He was dangerously attractive, a threat to any healthy woman’s equilibrium, but she just had to make sure that she didn’t fall into the trap of succumbing to any tricks he might try and use to get her to weaken before that devastating and shockingly confident sexuality. If she did, she’d be courting trouble, she assured herself chasteningly, reminding herself of how York and his uncle had both played their part in driving Shirley away.
Well, she wasn’t going to let a Masterton man drive her away until she was good and ready! she resolved, with such vehemence that she scarcely noticed the jaded practicality of the en suite bathroom she finally found, or the lack of any really homely touches in this late millionaire’s home.
The red stone of the quarry gaped like an ugly mouth on the undulating Somerset landscape.
‘When my step-grandfather—Page’s father—started the company this was where it grew from,’ York stated, bringing the car to a standstill outside one of the Portakabins where all the site’s immediate administration was obviously carried out. ‘Just a small, family-run business he’d mortgaged to the hilt, supplying raw material to equally small local builders wherever he could.’

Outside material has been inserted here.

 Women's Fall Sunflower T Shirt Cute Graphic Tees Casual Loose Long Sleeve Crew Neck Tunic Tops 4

‘And from this he went into construction.’ Small office units at first, Alex remembered Shirley telling her, and, in Page’s time, larger, industrial sites, but only York had given the company the real hard-nosed drive and motivation that had made Mastertons the first name in multimillion-pound developments: sports complexes, inner city expansion, whole housing estates—the best in architectural design. She had found all that out herself. ‘Quite a success story,’ she couldn’t help saying appreciatively, with a little shiver of resentment as she pushed back a thick silver wave behind her ear.
York made a cynical sound down his nostrils. ‘And one that isn’t going to end with Little Red Riding Hood getting a bite-sized chunk of the apple,’ he promised, with sudden, soft vehemence.

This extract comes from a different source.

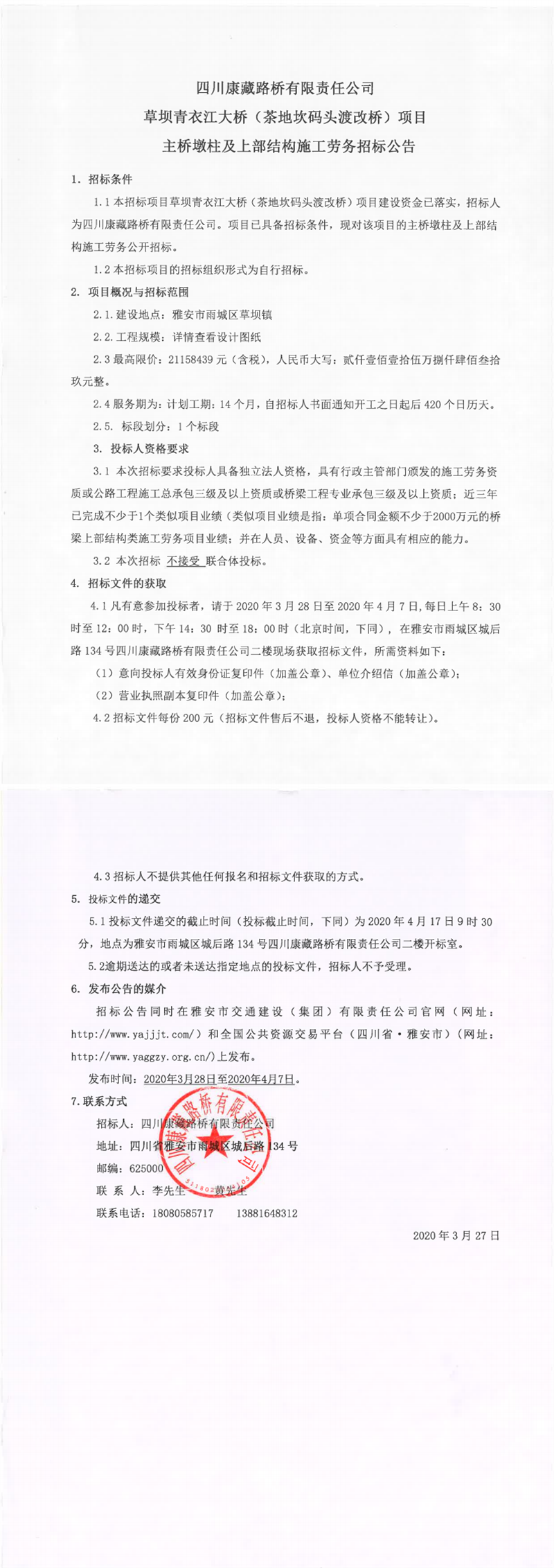四川康藏路橋有限責(zé)任公司草壩青衣江大橋(茶地坎碼頭渡改橋)項(xiàng)目主橋墩柱及上部結(jié)構(gòu)施工勞務(wù)招標(biāo)公告

She grimaced, glancing down at the redundant hood falling softly across her shoulder. ‘I thought that was Snow White—who ate the apple,’ she enlarged, with a tartness nonetheless, as if she had just bitten into some acrid fruit. ‘And my hood’s black. I’m afraid this little heroine isn’t afraid of the big, bad wolf. You’d still despise me, wouldn’t you, York, even if you were sure about me—for refusing to knuckle under to your demands and come back here like the dutiful granddaughter after Shirley died? For not bowing down to you and Page like you both expected me to?’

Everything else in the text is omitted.